I-4: Byzantine Musical Symbols, add properties or remove: Not accepted
It seems premature to classify some of those symbols as combining as per clause 4.12 of ISO/IEC 10646-1. They also don’t seem to comply with the definition of the composite sequence (clause 4.14 of the same standard). According to the documents received during the processing of these characters, these symbols are located in different lines that are ‘stacked’ above or below the regular text and don’t bear a strict association with the related text. As seen through the Unicode Standard 2.0 and 3.0, combining characters have seen very strict rules developed concerning their association with non-combining characters. The exact placement of Byzantine Musical Symbols in relation with other characters should be governed by protocols outside the scope of this standard.
Therefore it is not necessary to develop Unicode properties before encoding these characters.
It should be emphasized that the next phase (FCD) will allow the national bodies to further refine the repertoire and properties based on additional feedback from their expert communities.
I-5: Western Musical Symbols, clarify or remove: Not accepted
The comment hints at implementation questions concerning the Western Musical Symbols having to do with ‘Beam’ without expressing these issues. Annex E (informative) describes in some details those characters. The Annex can be further developed as long as Ireland provides more details about its concerns. The repertoire was developed using the expertise of several experts in musical notation, and it is the responsibility of each member body to bring up feedback from their expert communities. As mentioned in the answer to the German comments, this repertoire is not aiming at representing a full musical scoring model. Another standard should cover this.
I-6: Mathematical Alphanumeric Symbols: replace monospace by monowidth: Accepted
I-6: Mathematical Alphanumeric Symbols: Improve PI Symbols Accepted
of this disposition of comment, Ireland changes its vote from NO to YES.

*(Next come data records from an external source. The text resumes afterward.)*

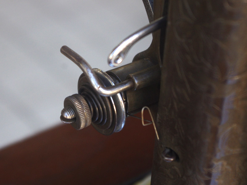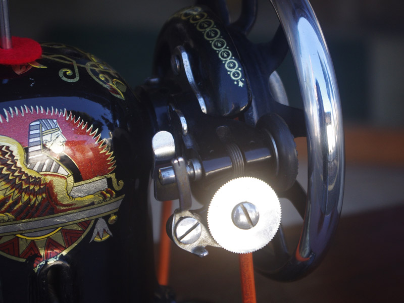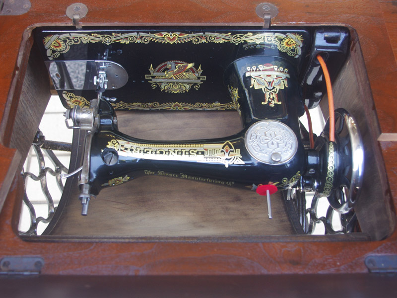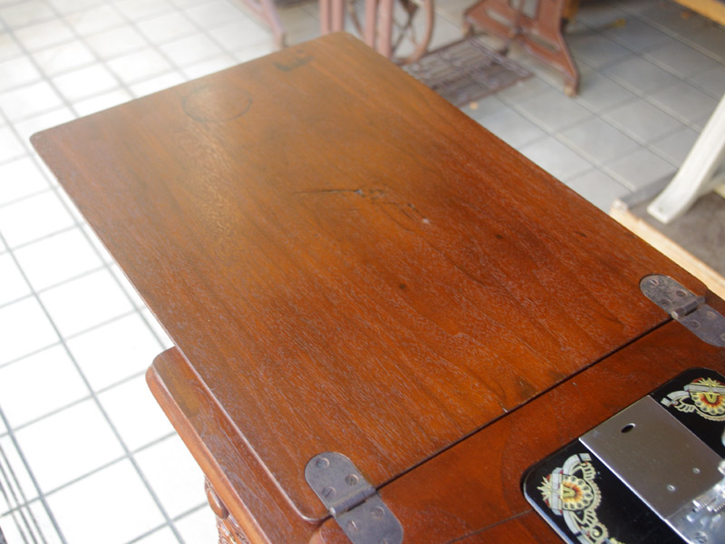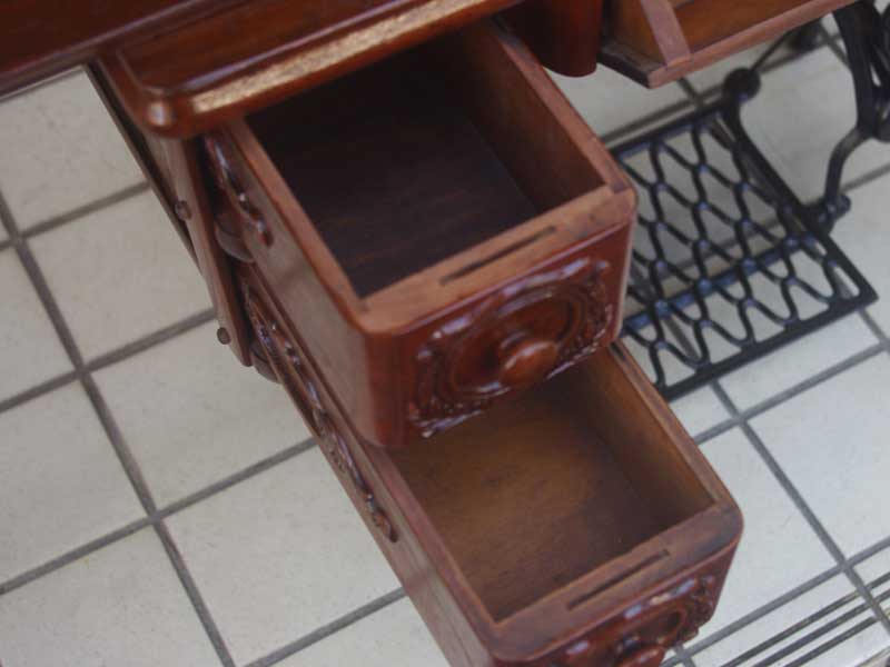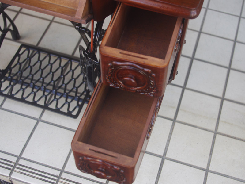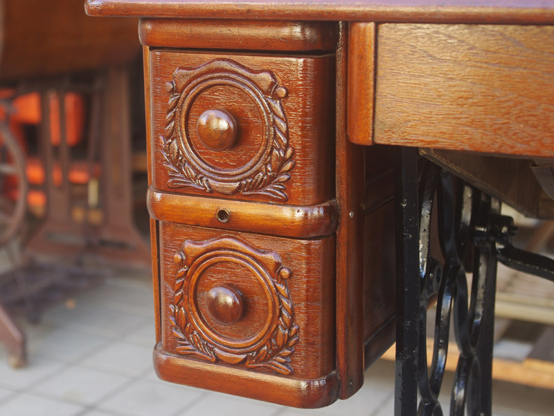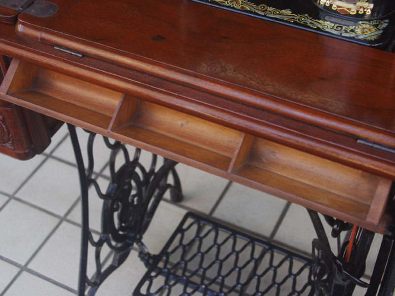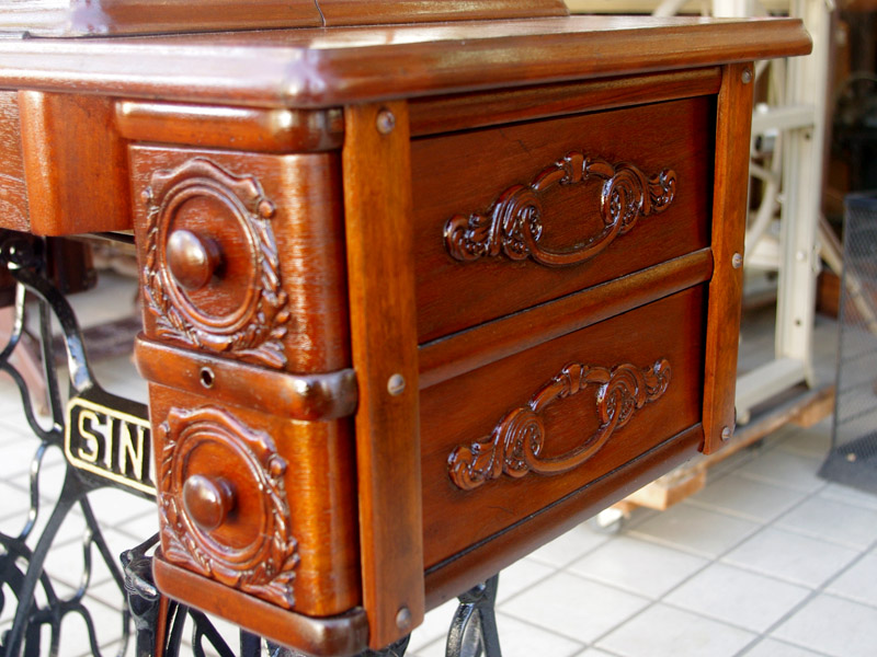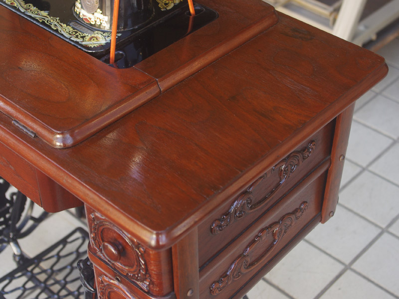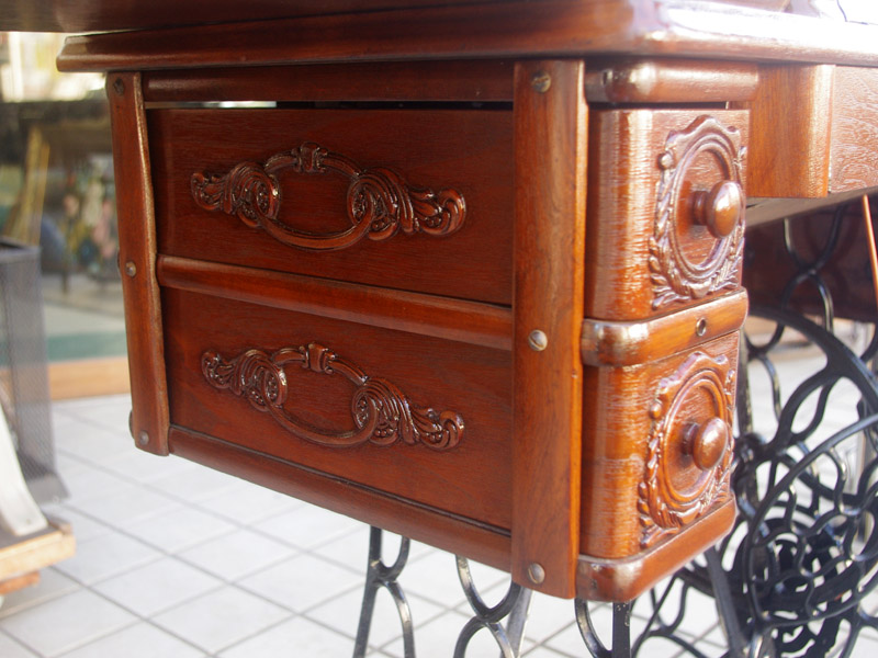 シンガー製の足踏みミシンです!網脚になっている古いタイプの足踏みミシンですね。ミシン本体の模様は定番のスフィンクス柄ではありますが、赤い色が入っている珍しいものです。台は左右が2段の引き出しがあり彫刻もあしらわれているより高級なものとなっております。樹種はウォールナットかそれに類する気が使われています。やや赤みを帯びた茶系の色で、ミルクチョコレートのような色味です。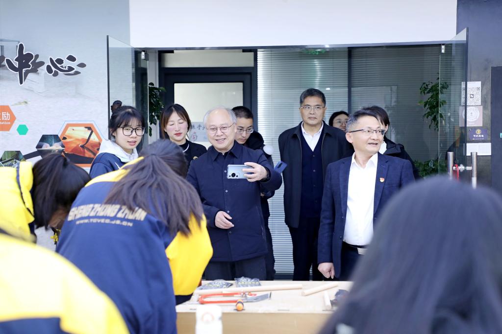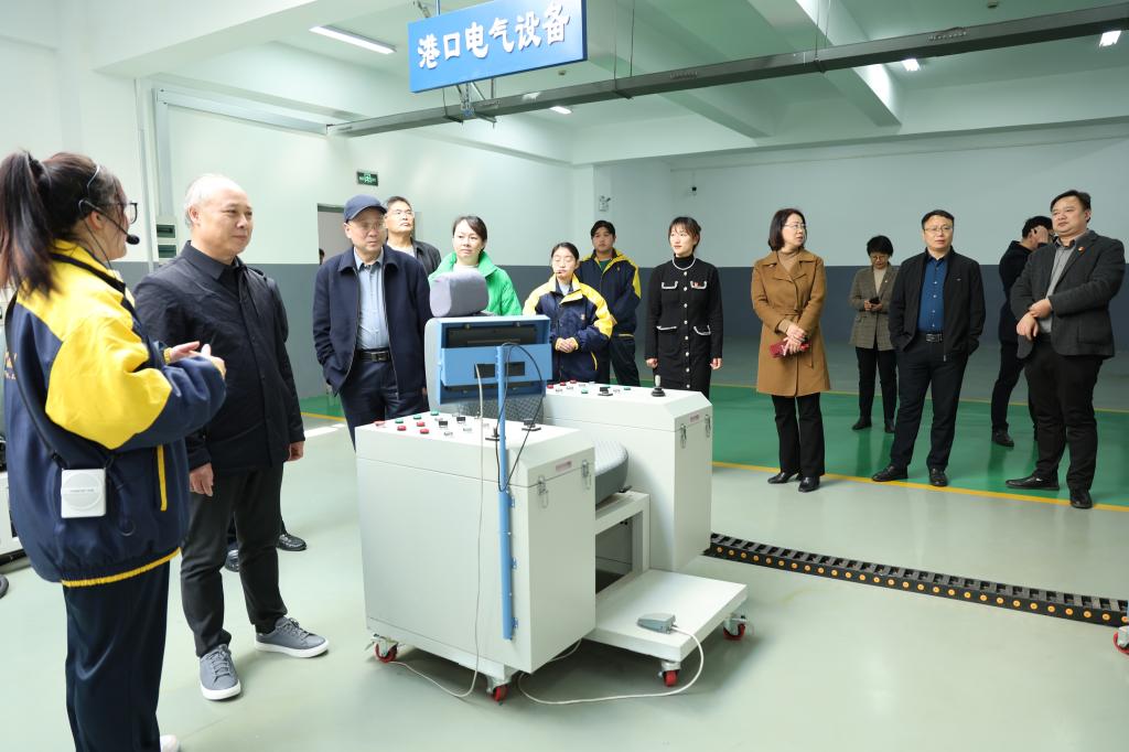 校内实地考察在3月20日下午和3月21日上午进行。专家组先后考察了港城校区和东仓路校区。在港城校区,专家组考察了E融商现代物资实训基地和港务与信息实训基地;在东仓路校区,专家组考察了现代木工设计中心、随美艺术设计现代学徒制培训中心(省中小学职业体验中心)、健身指导实训基地、太仓市产业工人赋能站(省现代化实训基地)和机电设备安装与维修实训基地(省现代化实训基地),并参观了学生社团作品展示。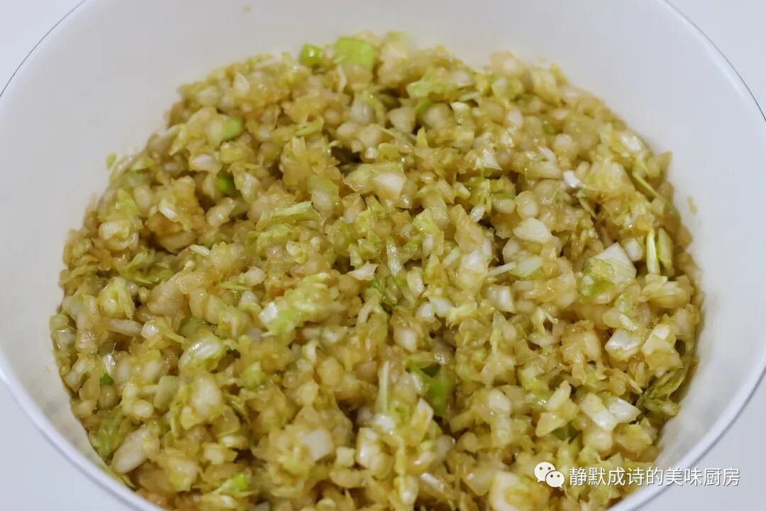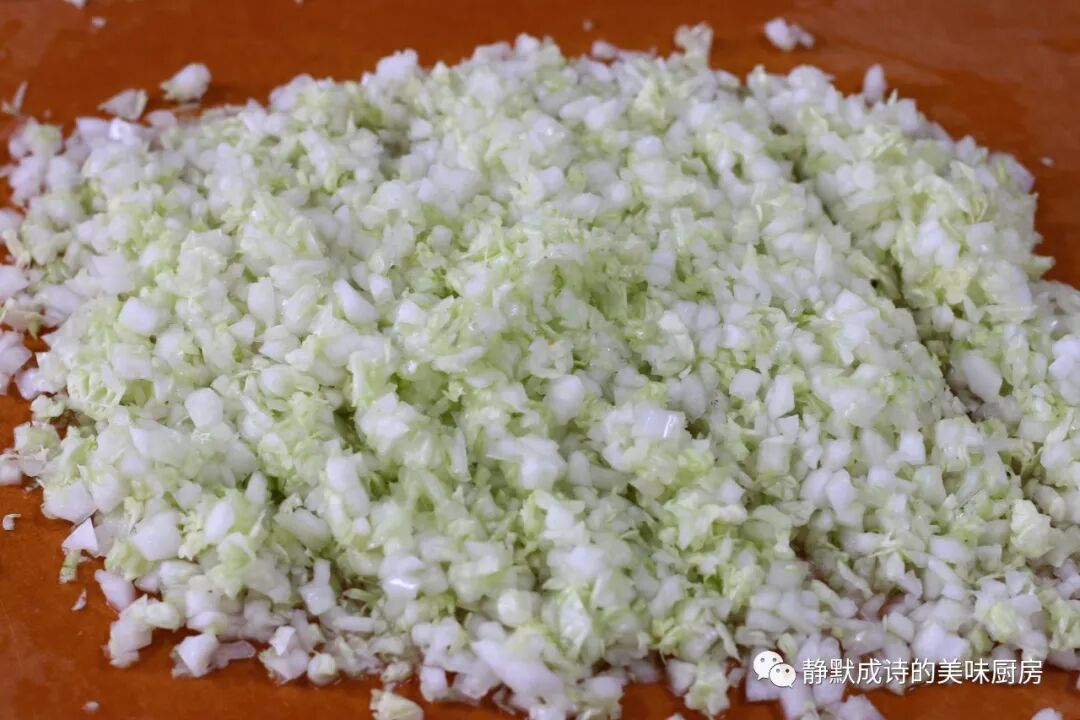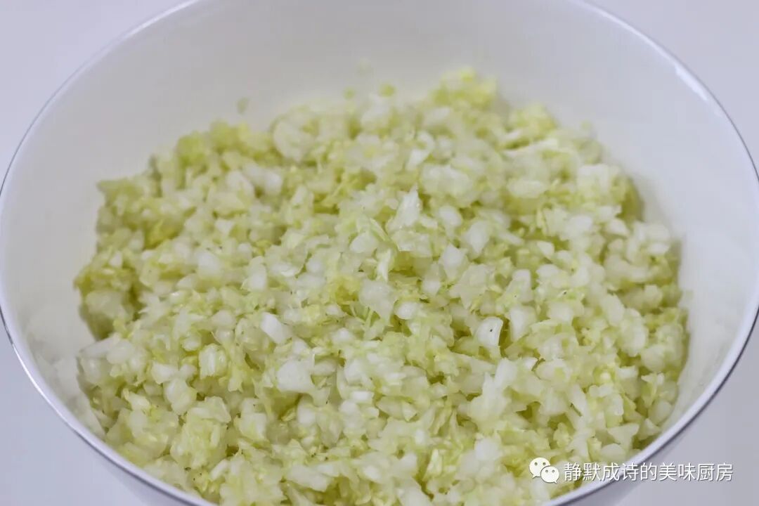 6、白菜不用剁太细,有颗粒感吃起来口感更好。挤掉白菜中的水分,放进大碗中。

Japan: comments (page 19-32) of document SC2 N3412):
J-1: clause 10.3, separate in two sub-clauses: Accepted
One clause 10.3.1 for structure and a clause 10.3.2 for the Tag characters will be added
J-2: clause 10:3, add a sentence about TAGS functionality in 10.3: Accepted
J-3: clause 10:2, source information of CJK ideographs to be normative,…: Accepted
When the CD was developed it was not clear yet how the publication of ISO/IEC 10646 would evolve. With part 1 near its second edition, it is clear now that we are going toward a model of pure electronic distribution. In this model a document can be made of several entities that can be accessed individually. Therefore the clause definitions can be in one entity, while the normative reference data can be specified in another entity whose format is still human readable but better suited for software processing. The sum of these entities still makes the standard.
To alleviate Japanese concerns, clause 10.2 will make clearer that the normative reference data containing the CJK ideographs source informative is part of the standard. For example the last sentence of the first paragraph (The source reference… a separate document) will be removed and replaced by text describing the connection between this entity and the source data. The source data will become a normative annex of this standard.
J-4: clause 10:2, format information is a separate sub-clause: Accepted
It will be made clearer which parts of the source information corresponds to each of the G, T, J, K and V sources by grouping them following these indexes in the new sub-clause.
J-5: clause 10:3, Specify Hanzi, Hanja, Kanji…: Accepted
These terms are used in Part-1 (see clause 27 and Annex S) without specific explanations. The terms will be more tightly connected to the source (G, T, J, K, V), to show the connection between the national terminology (like Kanji) and the national entity (in this case ‘J’ or Japan).
J-6: clause 10:3, Specify Japanese source JIS X 0213:2000: Accepted
When this CD was created, that JIS standard was not yet final. Now it is obviously preferable to mention that source. The editor expects to be provided by IRG a new data source using the JIS X 213 index instead of the transitional JPNddd notation used until now.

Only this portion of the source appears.